Return the first line of the listing below and all the lines after it through the one containing "Nel giorno del", exactly, without pictures.

DATASET CONTENT —

----------------

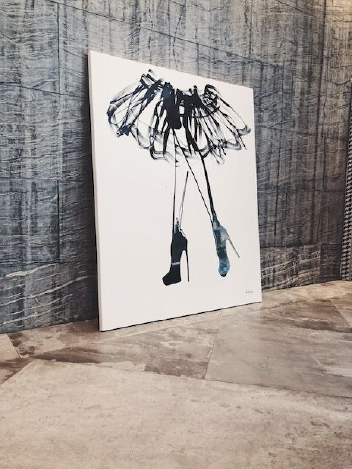Todo empezó en un sueño que me pareció precioso. Empecé a tirar la pintura así porque, después de haber tocado todas las técnicas, tuve un sueño en el que pintaba rostros abstractos, con pintura negra flotando sin lienzo. Cuando me levanté, me dije “esto sería la bomba, ¿cómo puedo hacer esto?”
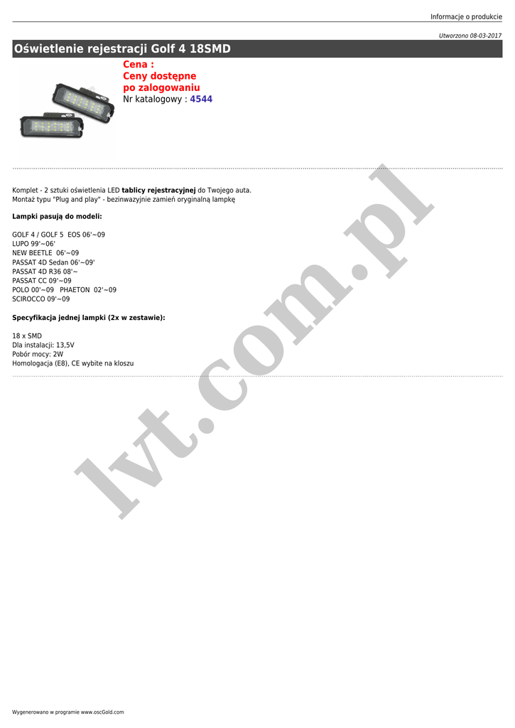 Informacje o produkcie Utworzono 08-03-2017 Oświetlenie rejestracji Golf 4 18SMD Cena : Ceny dostępne po zalogowaniu Nr katalogowy : 4544 l Komplet - 2 sztuki oświetlenia LED tablicy rejestracyjnej do Twojego auta. Montaż typu "Plug and play" - bezinwazyjnie zamień oryginalną lampkę GOLF 4 / GOLF 5 EOS 06'~09 LUPO 99'~06' NEW BEETLE 06'~09 PASSAT 4D Sedan 06'~09' PASSAT 4D R36 08'~ PASSAT CC 09'~09 POLO 00'~09 PHAETON 02'~09 SCIROCCO 09'~09 Specyfikacja jednej lampki (2x w zestawie): lv t. co 18 x SMD Dla instalacji: 13,5V Pobór mocy: 2W Homologacja (E8), CE wybite na kloszu m .p Lampki pasują do modeli: Wygenerowano w programie www.oscGold.com
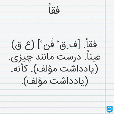 فقاً. [ف ِق ْ قَن ْ] (ع ق) عیناً. درست مانند چیزی. (یادداشت مؤلف). کأنه. (یادداشت مؤلف).
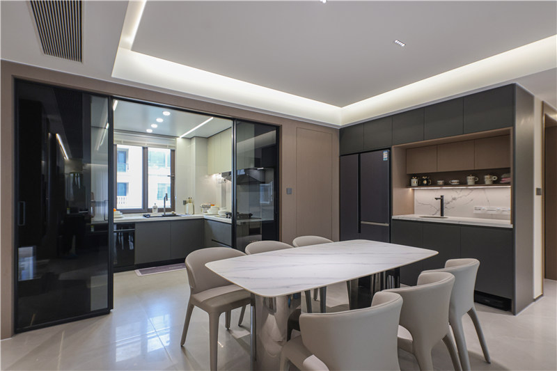 餐邊柜整體無拉手設(shè)計,將冰箱一整個嵌入其中,視覺和諧統(tǒng)一;中部掏空預(yù)留清洗區(qū),上方為餐具開放區(qū),便捷實用;底部留空可放掃地機器人等電器。
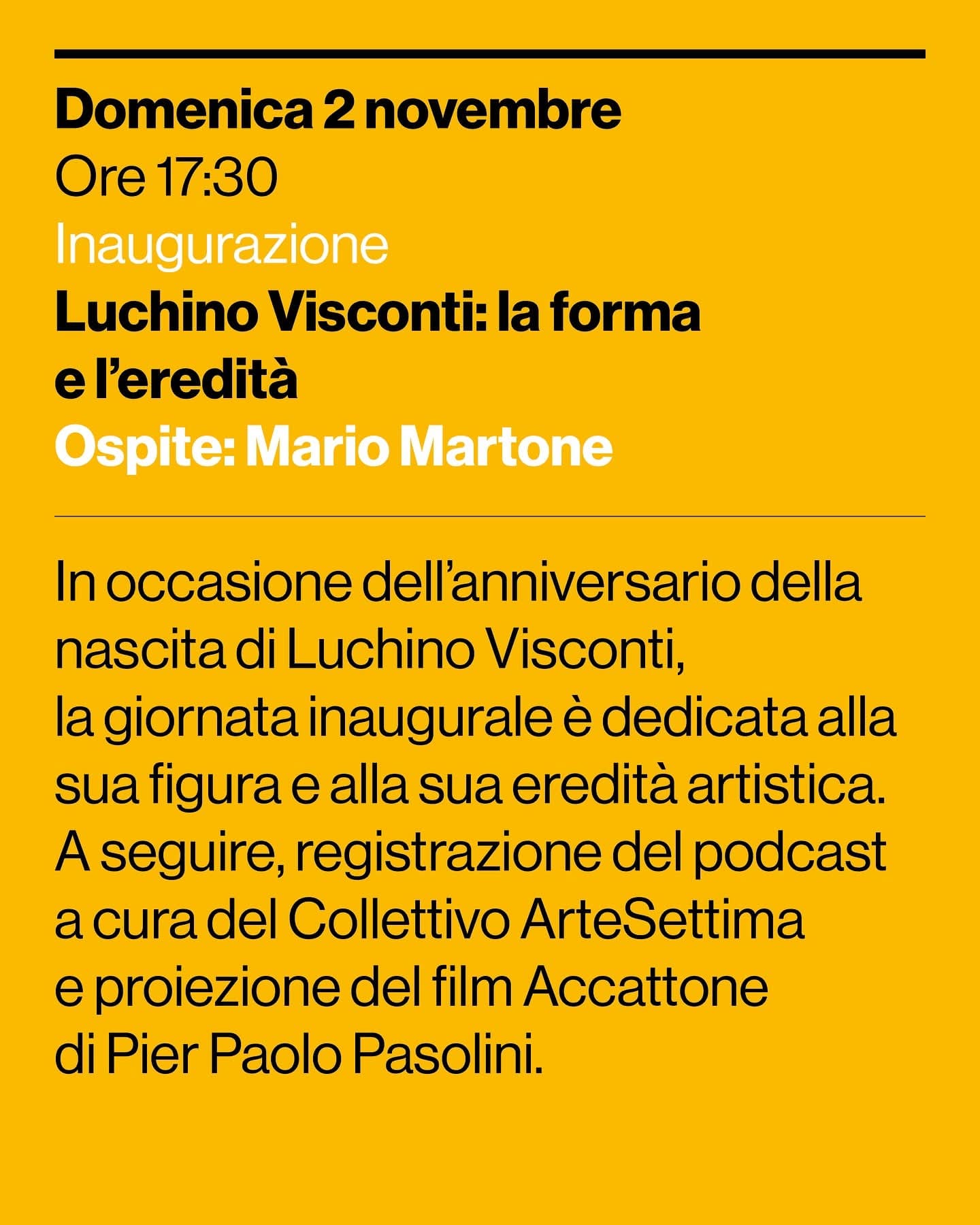Nel giorno del comune anniversario del 2 novembre, Quadro – Oltre l’occhio la realtà dedica una settimana di proiezioni, incontri e riflessioni a Luchino Visconti e Pier Paolo Pasolini, due autori che hanno trasformato il cinema in una forma di pensiero.
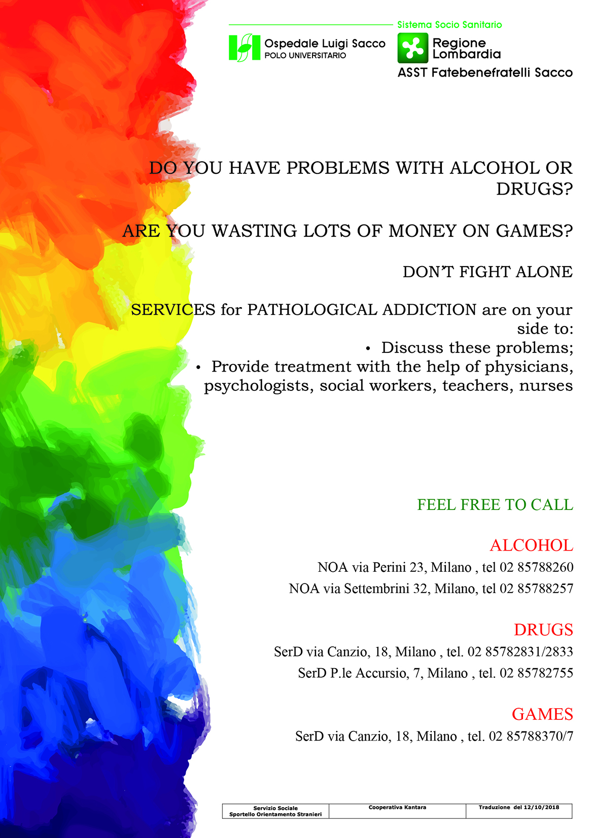 L’Unità Operativa Complessa Dipendenze possiede una consolidata tradizione e specializzazione nel trattamento di tutte le Dipendenze, in particolare quelle da Cocaina e da Gioco D’Azzardo, che la vede all’avanguardia nel panorama cittadino sia per la specificità degli interventi mirati, sia per l’impegno in ambito scientifico (la struttura ha in essere convenzioni e collaborazioni con l'Università Cattolica di Milano ed ha, inoltre, realizzato alcune ricerche e pubblicazioni, su riviste internazionali, nell’ambito delle Dipendenze Patologiche).

----------------

RESPONSE TO THE TASK —
Todo empezó en un sueño que me pareció precioso. Empecé a tirar la pintura así porque, después de haber tocado todas las técnicas, tuve un sueño en el que pintaba rostros abstractos, con pintura negra flotando sin lienzo. Cuando me levanté, me dije “esto sería la bomba, ¿cómo puedo hacer esto?”
 Informacje o produkcie Utworzono 08-03-2017 Oświetlenie rejestracji Golf 4 18SMD Cena : Ceny dostępne po zalogowaniu Nr katalogowy : 4544 l Komplet - 2 sztuki oświetlenia LED tablicy rejestracyjnej do Twojego auta. Montaż typu "Plug and play" - bezinwazyjnie zamień oryginalną lampkę GOLF 4 / GOLF 5 EOS 06'~09 LUPO 99'~06' NEW BEETLE 06'~09 PASSAT 4D Sedan 06'~09' PASSAT 4D R36 08'~ PASSAT CC 09'~09 POLO 00'~09 PHAETON 02'~09 SCIROCCO 09'~09 Specyfikacja jednej lampki (2x w zestawie): lv t. co 18 x SMD Dla instalacji: 13,5V Pobór mocy: 2W Homologacja (E8), CE wybite na kloszu m .p Lampki pasują do modeli: Wygenerowano w programie www.oscGold.com
 فقاً. [ف ِق ْ قَن ْ] (ع ق) عیناً. درست مانند چیزی. (یادداشت مؤلف). کأنه. (یادداشت مؤلف).
 餐邊柜整體無拉手設(shè)計,將冰箱一整個嵌入其中,視覺和諧統(tǒng)一;中部掏空預(yù)留清洗區(qū),上方為餐具開放區(qū),便捷實用;底部留空可放掃地機器人等電器。
Nel giorno del comune anniversario del 2 novembre, Quadro – Oltre l’occhio la realtà dedica una settimana di proiezioni, incontri e riflessioni a Luchino Visconti e Pier Paolo Pasolini, due autori che hanno trasformato il cinema in una forma di pensiero.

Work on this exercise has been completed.